* **TASK BRIEF**:
Would you please give every entry again exactly, without the pictures?

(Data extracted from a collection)
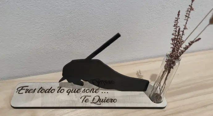 Base de madera con silueta de mano escribiendo en acrílico negro, acompañada de una frase grabada y un pequeño bote de vidrio para colocar una flor o flores secas. Una pieza decorativa, elegante y delicada, que combina arte y significado en un detalle atemporal.
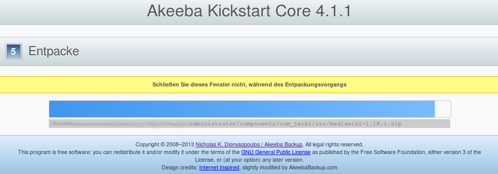 - Akeeba Kickstart zum Entpacken des JPA Archives ( https://www.akeebabackup.com/products/akeeba-kickstart.html )
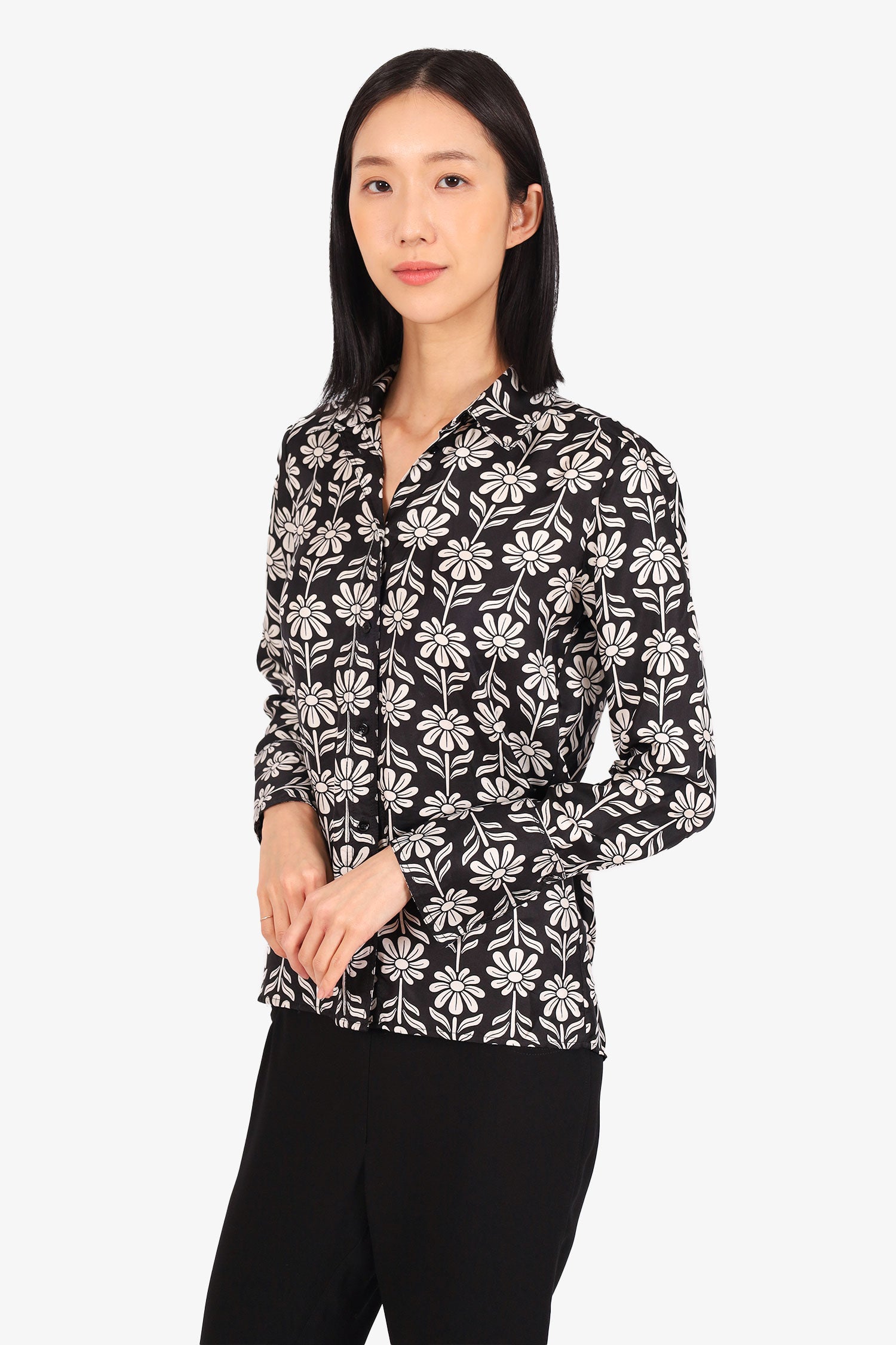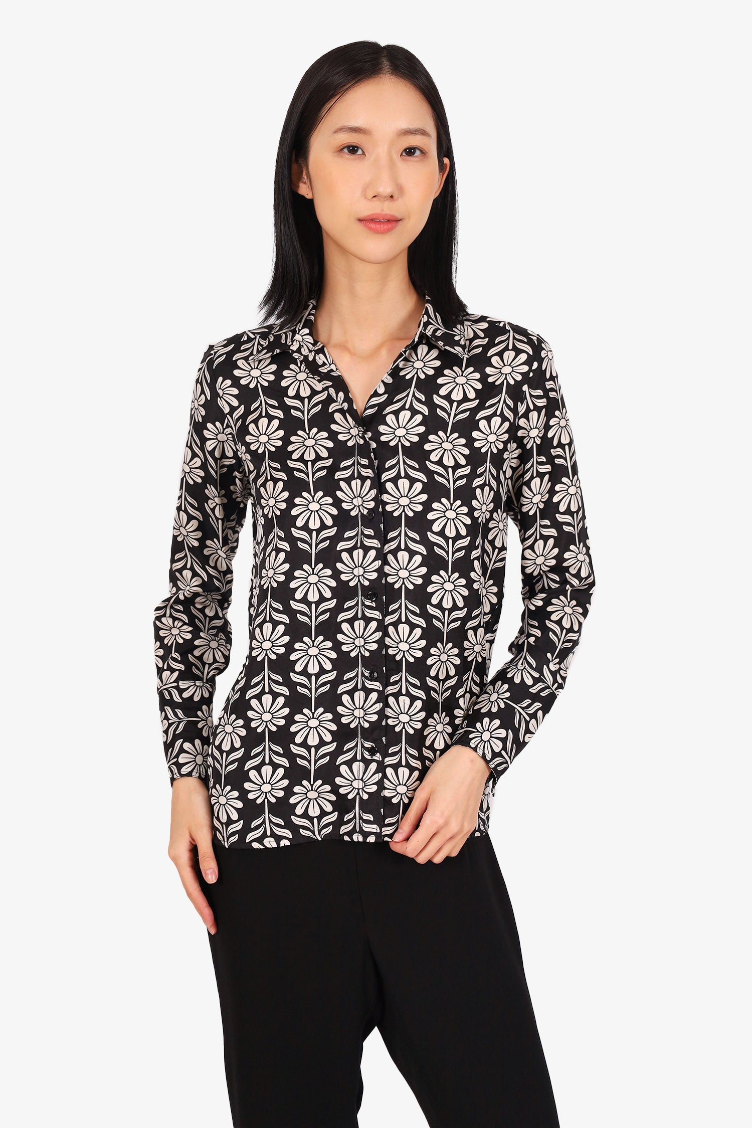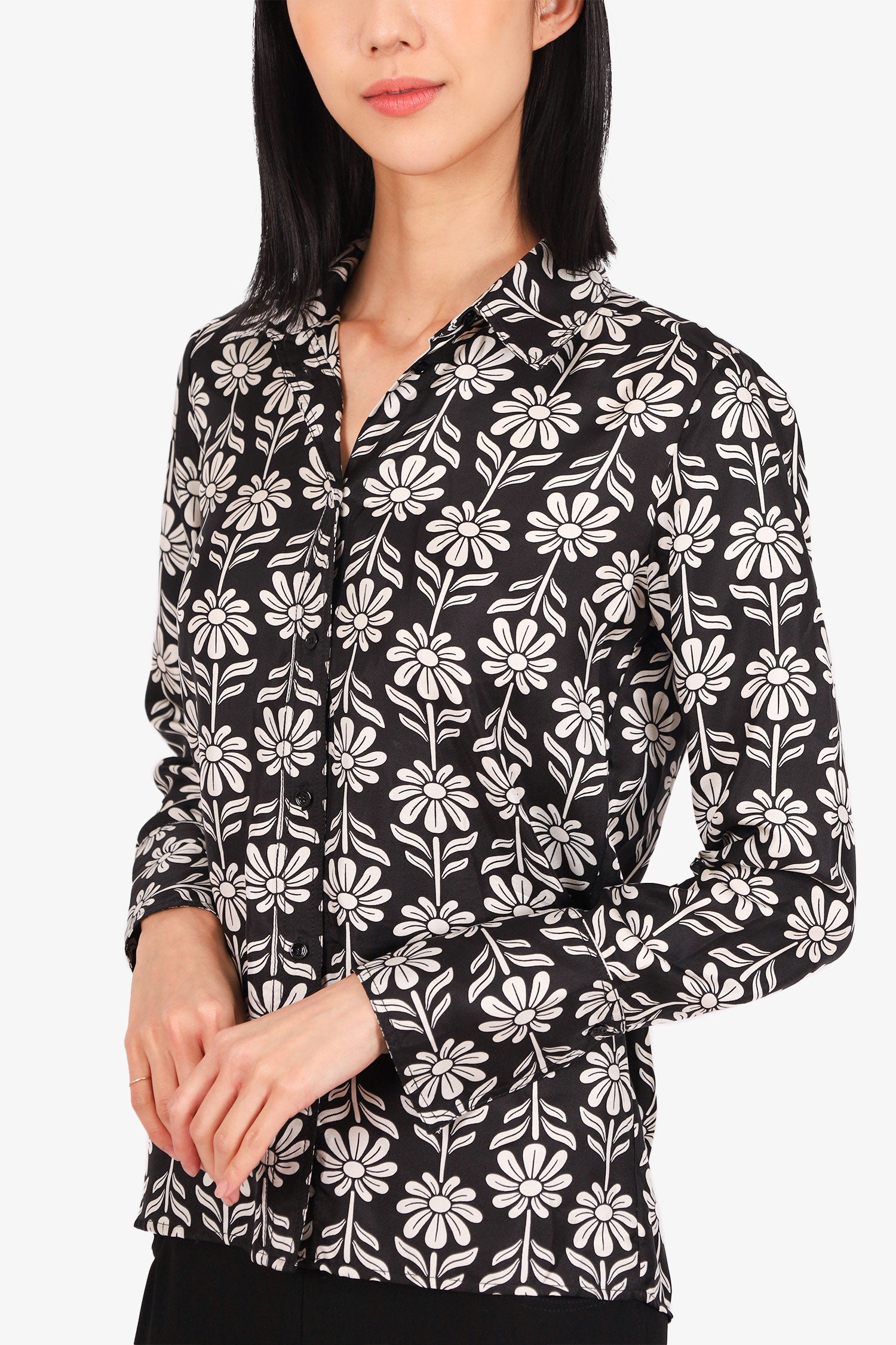 Refresh availabilitySandro Black/White Floral Print Button Up Blouse. Collared neckline. Front button-up closure. Button-up sleeve cuff closure. Unlined. Tonal stitching.
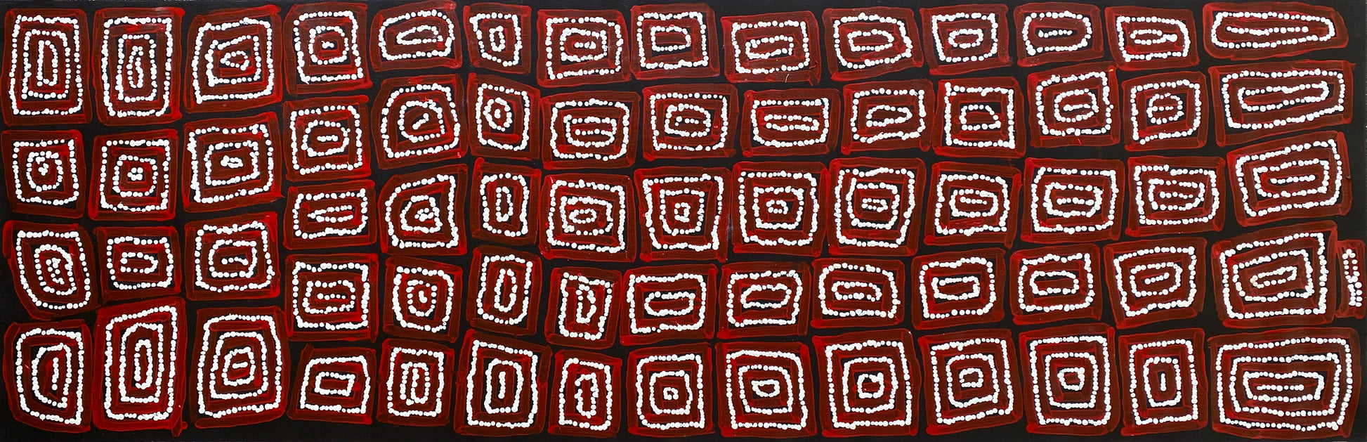 Several years after emerging from the desert Thomas, Warlimpirrnga, Walala, Yukultji and Yalti started painting. Thomas paints Tingari Stories using traditional dot style to create simplistic geometric designs which is a technique shared with other Pintupi artists such as George Ward Jungurrayi. Aboriginal artists often create paintings that consist of multiple layers of meanings. Often those meanings are not shared with outsiders (the uninitiated). The Tingari Cycle from what we understand is a series of sacred and mythological ceremonies describing the journeys of their ancestors in Tjkurrpa (dreamtime).
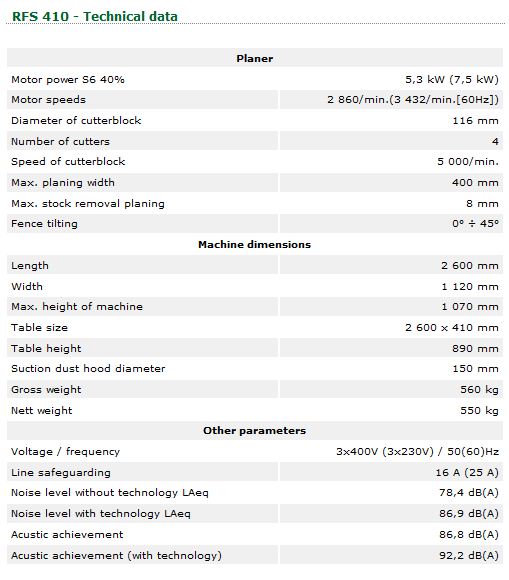 Four-knife cutterblock with 4 knives. Cutterblock protection. Adjustable surface table fence. Suction hood. Emergency stop. Braking motor. Overload protection. CE standards.
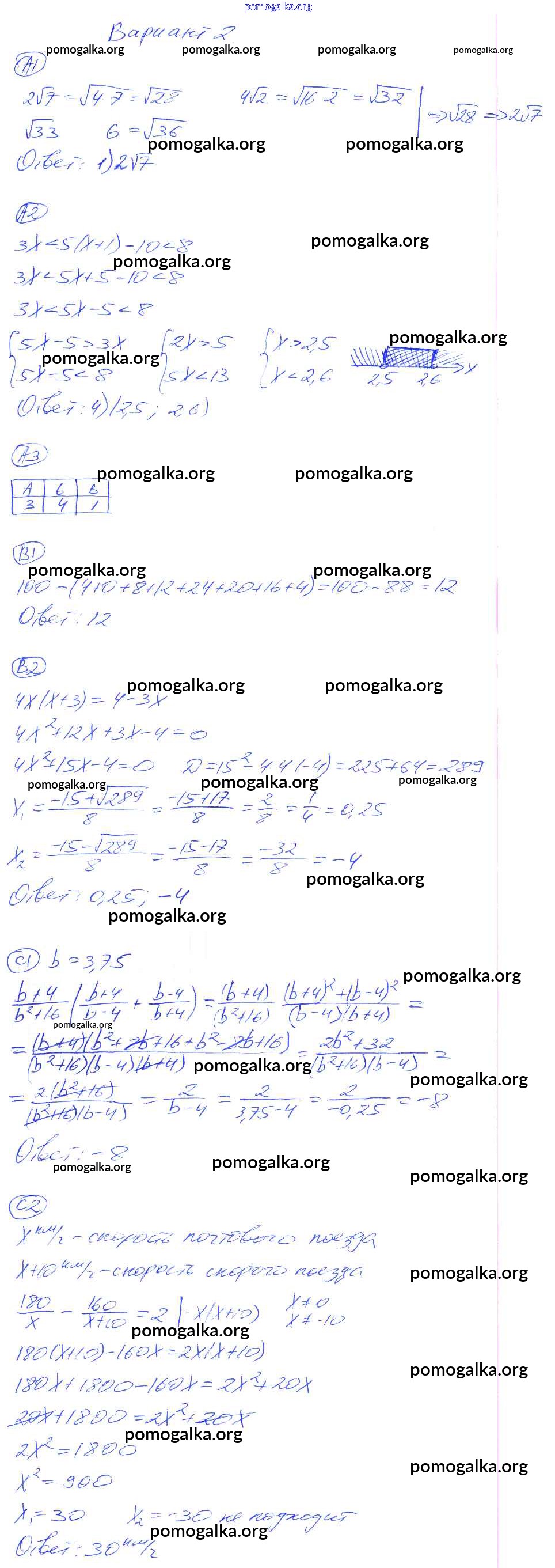Готовые ответы - Алгебра 8 класс самостоятельные и контрольные работы Глазков Ю.А. (к уч. Макарычева) - кр-9. вариант контрольная работа 2
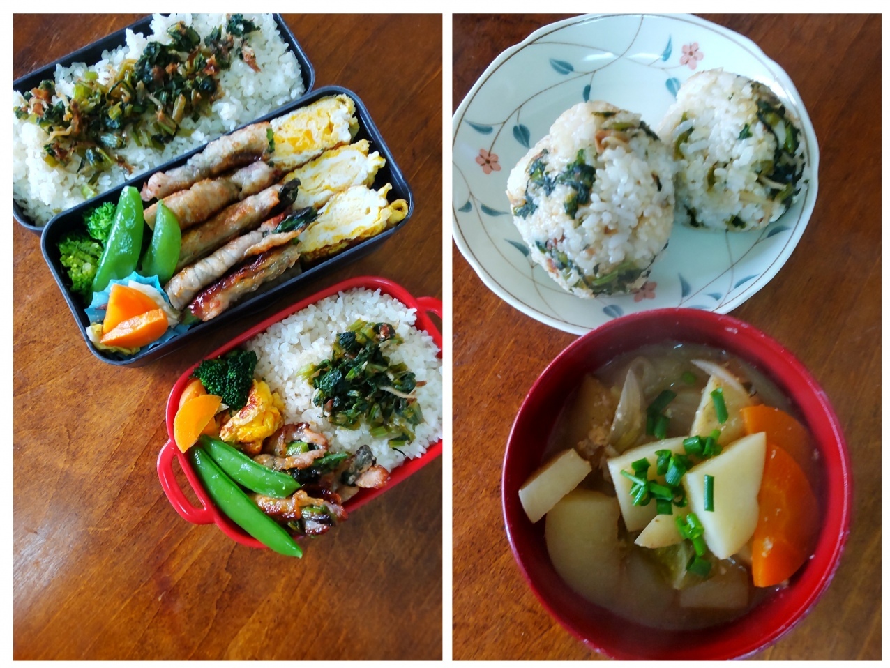 今日の朝ごはんとお弁当 前記事うまくいかないので書き直しました。今日の朝ごはんかぶの葉っぱおにぎりとちりめんじゃこ入りのお味噌汁♪お弁当はのらぼう菜の肉巻きです。菜の花系の苦味はのらぼう菜<かき菜<菜の花…かな?さて、今日は1日お休み\(^_^)/1日台所にこもる予定( *´艸`)
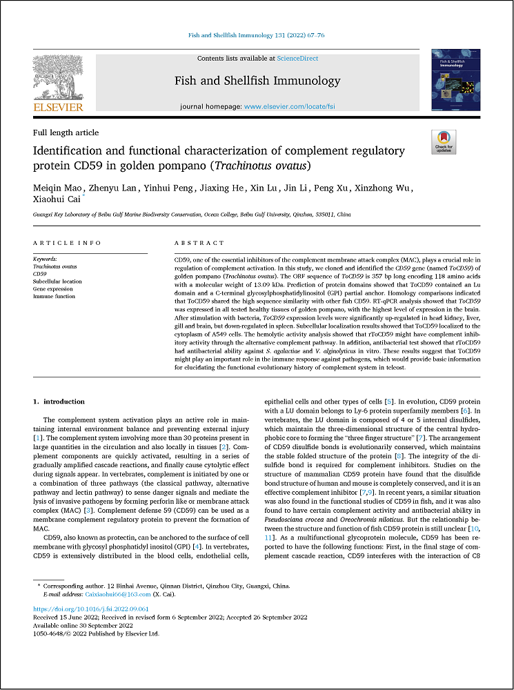近日,我校海洋学院硕士研究生毛美琴(第一作者),海洋学院蔡小辉博士(通讯作者),以北部湾大学第一作者单位,在《Fish and Shellfish Immunology》发表题为“Identification and functional characterization of complement regulatory protein CD59 in golden pompano (Trachinotus ovatus)”的论文。《Fish and Shellfish Immunology》是水产养殖专业研究领域的国际知名期刊之一,中科院一区TOP,最新影响因子为4.622。...
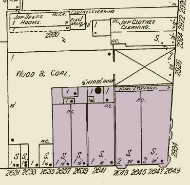 Still, we have a pretty good idea where the design originated, and we need only look as far as San Francisco. There, in 1905, Albert Pissisarchitect of the Presidents Mansion on the U.C. campusdesigned a very similar building (left) for the California Casket Company. Lillie Koerber, who lived at 1185 Valencia Street, must have passed it regularly. Perhaps she was the one who suggested that its design be followed. Pissis, who died in 1914, was in no position to protest.
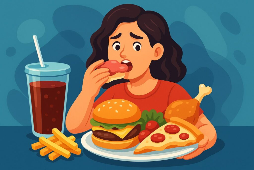 - Эмоциональное питание. Многие используют еду как способ справиться с усталостью, тревогой или скукой. Вместо того чтобы признать и прожить эмоцию, человек заполняет внутреннюю пустоту пищей. Это создаёт кратковременное облегчение, но не решает первопричину, а затем вызывает вину и повтор цикла.
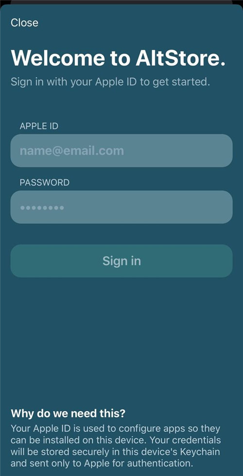 14) 点击打开后进入 AltStore,要求你输入你的apple ID 及密码。
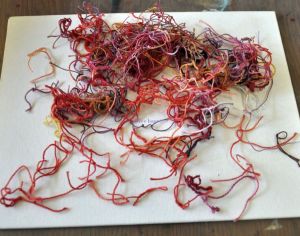 I threw some with other cottons in my 2 year old dried tansy pot (um, that would be just the tansy 2 years dried, not the pot 🙂 ) and just about screamed: look at that ORANGE!!!!
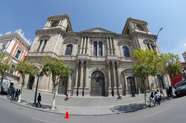 On se fait déposer en bas de la rue Sagarnaga, puis on marche quelques dizaines de mètres jusqu’à la place San Francisco, sur laquelle se trouve l’église San Francisco.
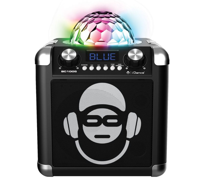 The iDance Party Cube is a portable Bluetooth speaker that is Karaoke compatible. The set includes a wired microphone that works great in karaoke parties at birthdays, barbecues and more.

* **FINISHED TASK**:
 Base de madera con silueta de mano escribiendo en acrílico negro, acompañada de una frase grabada y un pequeño bote de vidrio para colocar una flor o flores secas. Una pieza decorativa, elegante y delicada, que combina arte y significado en un detalle atemporal.
 - Akeeba Kickstart zum Entpacken des JPA Archives ( https://www.akeebabackup.com/products/akeeba-kickstart.html )
 Refresh availabilitySandro Black/White Floral Print Button Up Blouse. Collared neckline. Front button-up closure. Button-up sleeve cuff closure. Unlined. Tonal stitching.
 Several years after emerging from the desert Thomas, Warlimpirrnga, Walala, Yukultji and Yalti started painting. Thomas paints Tingari Stories using traditional dot style to create simplistic geometric designs which is a technique shared with other Pintupi artists such as George Ward Jungurrayi. Aboriginal artists often create paintings that consist of multiple layers of meanings. Often those meanings are not shared with outsiders (the uninitiated). The Tingari Cycle from what we understand is a series of sacred and mythological ceremonies describing the journeys of their ancestors in Tjkurrpa (dreamtime).
 Four-knife cutterblock with 4 knives. Cutterblock protection. Adjustable surface table fence. Suction hood. Emergency stop. Braking motor. Overload protection. CE standards.
Готовые ответы - Алгебра 8 класс самостоятельные и контрольные работы Глазков Ю.А. (к уч. Макарычева) - кр-9. вариант контрольная работа 2
 今日の朝ごはんとお弁当 前記事うまくいかないので書き直しました。今日の朝ごはんかぶの葉っぱおにぎりとちりめんじゃこ入りのお味噌汁♪お弁当はのらぼう菜の肉巻きです。菜の花系の苦味はのらぼう菜<かき菜<菜の花…かな?さて、今日は1日お休み\(^_^)/1日台所にこもる予定( *´艸`)
近日,我校海洋学院硕士研究生毛美琴(第一作者),海洋学院蔡小辉博士(通讯作者),以北部湾大学第一作者单位,在《Fish and Shellfish Immunology》发表题为“Identification and functional characterization of complement regulatory protein CD59 in golden pompano (Trachinotus ovatus)”的论文。《Fish and Shellfish Immunology》是水产养殖专业研究领域的国际知名期刊之一,中科院一区TOP,最新影响因子为4.622。...
 Still, we have a pretty good idea where the design originated, and we need only look as far as San Francisco. There, in 1905, Albert Pissisarchitect of the Presidents Mansion on the U.C. campusdesigned a very similar building (left) for the California Casket Company. Lillie Koerber, who lived at 1185 Valencia Street, must have passed it regularly. Perhaps she was the one who suggested that its design be followed. Pissis, who died in 1914, was in no position to protest.
 - Эмоциональное питание. Многие используют еду как способ справиться с усталостью, тревогой или скукой. Вместо того чтобы признать и прожить эмоцию, человек заполняет внутреннюю пустоту пищей. Это создаёт кратковременное облегчение, но не решает первопричину, а затем вызывает вину и повтор цикла.
 14) 点击打开后进入 AltStore,要求你输入你的apple ID 及密码。
 I threw some with other cottons in my 2 year old dried tansy pot (um, that would be just the tansy 2 years dried, not the pot 🙂 ) and just about screamed: look at that ORANGE!!!!
 On se fait déposer en bas de la rue Sagarnaga, puis on marche quelques dizaines de mètres jusqu’à la place San Francisco, sur laquelle se trouve l’église San Francisco.
 The iDance Party Cube is a portable Bluetooth speaker that is Karaoke compatible. The set includes a wired microphone that works great in karaoke parties at birthdays, barbecues and more.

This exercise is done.